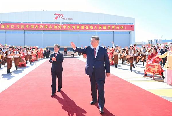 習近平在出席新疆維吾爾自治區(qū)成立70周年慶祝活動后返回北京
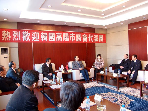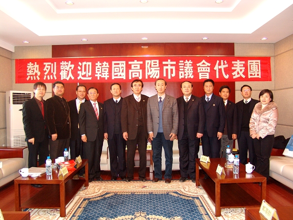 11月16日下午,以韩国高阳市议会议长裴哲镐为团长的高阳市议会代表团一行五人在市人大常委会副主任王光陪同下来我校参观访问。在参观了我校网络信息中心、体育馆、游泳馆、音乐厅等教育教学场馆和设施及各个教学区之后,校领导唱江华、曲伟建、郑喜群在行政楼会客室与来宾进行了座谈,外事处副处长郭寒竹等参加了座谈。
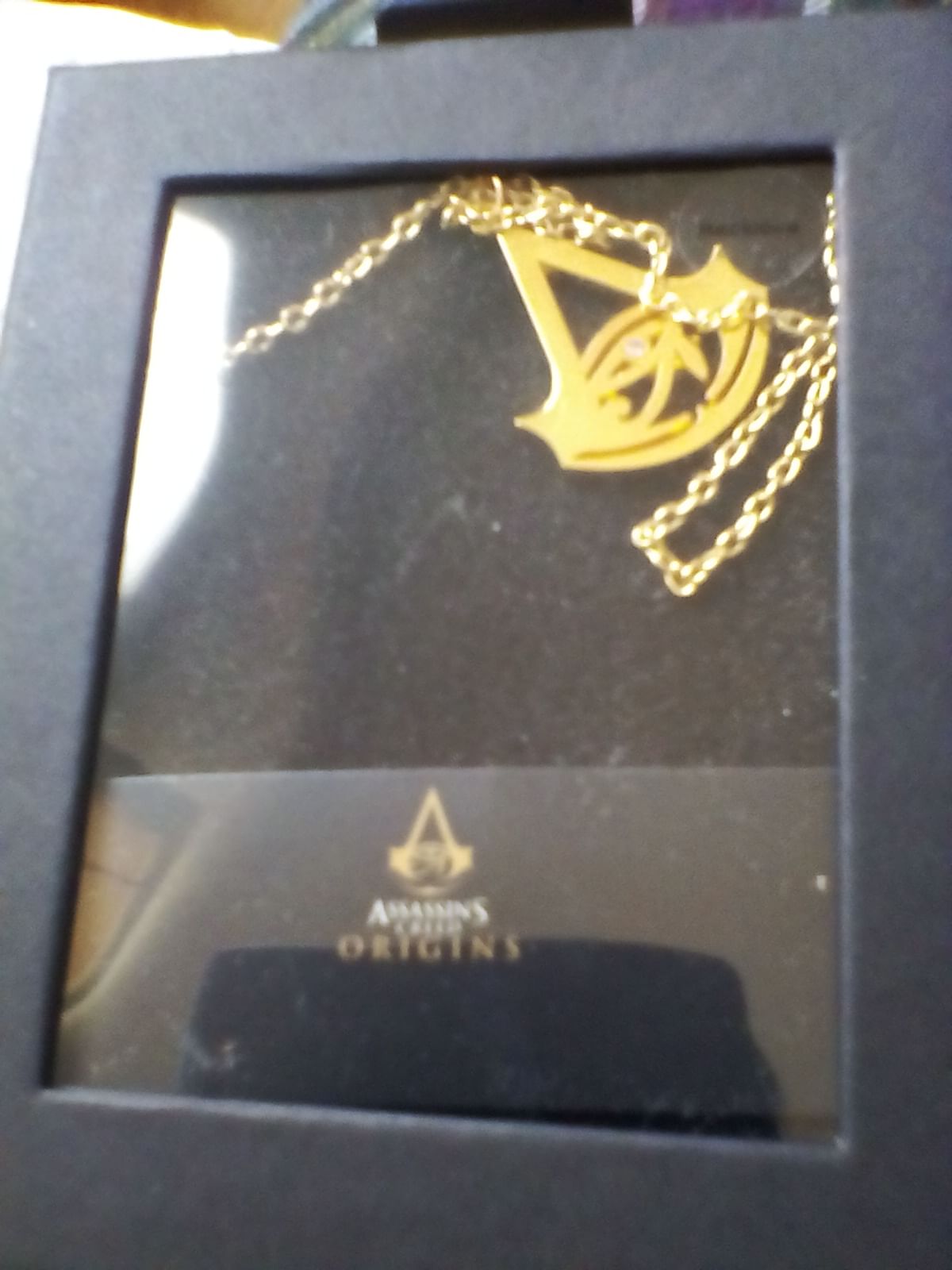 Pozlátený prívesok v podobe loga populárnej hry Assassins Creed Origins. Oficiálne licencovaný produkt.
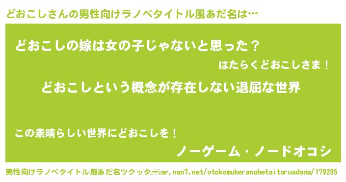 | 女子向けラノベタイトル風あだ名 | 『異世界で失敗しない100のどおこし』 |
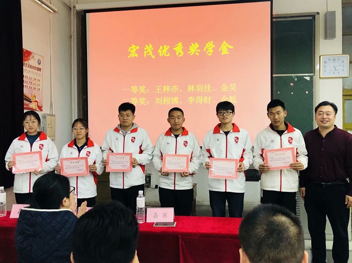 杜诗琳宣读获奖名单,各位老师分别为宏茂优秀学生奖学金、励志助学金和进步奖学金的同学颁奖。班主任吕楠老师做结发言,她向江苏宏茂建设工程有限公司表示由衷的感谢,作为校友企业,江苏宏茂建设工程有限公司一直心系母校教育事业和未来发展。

==

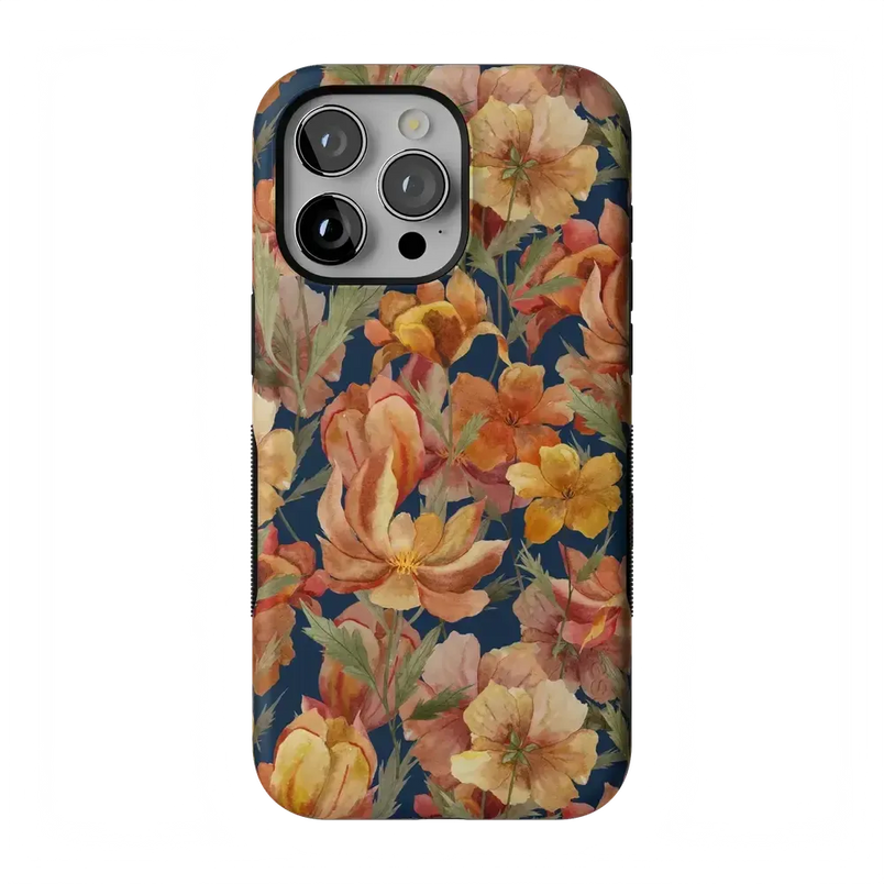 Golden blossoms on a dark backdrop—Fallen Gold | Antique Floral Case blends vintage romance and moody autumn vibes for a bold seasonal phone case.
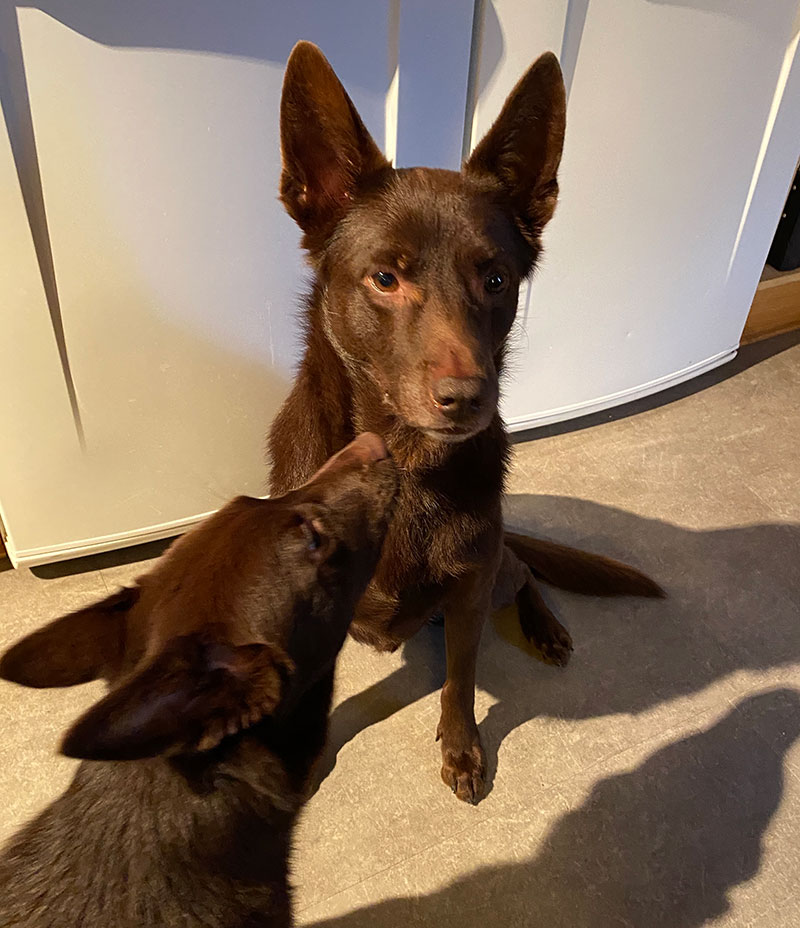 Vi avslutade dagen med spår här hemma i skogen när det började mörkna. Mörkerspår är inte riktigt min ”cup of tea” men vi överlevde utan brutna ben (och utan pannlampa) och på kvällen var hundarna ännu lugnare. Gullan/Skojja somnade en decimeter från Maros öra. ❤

**Work instructions**
"習近平在出席新疆維吾爾自治區(qū)成立70周年慶祝活動后返回北京" marks the first line to copy, and "11月16日下午,以韩国高阳" marks the last. Repeat that stretch above exactly, with no pictures.

**Worked solution**
 習近平在出席新疆維吾爾自治區(qū)成立70周年慶祝活動后返回北京
 11月16日下午,以韩国高阳市议会议长裴哲镐为团长的高阳市议会代表团一行五人在市人大常委会副主任王光陪同下来我校参观访问。在参观了我校网络信息中心、体育馆、游泳馆、音乐厅等教育教学场馆和设施及各个教学区之后,校领导唱江华、曲伟建、郑喜群在行政楼会客室与来宾进行了座谈,外事处副处长郭寒竹等参加了座谈。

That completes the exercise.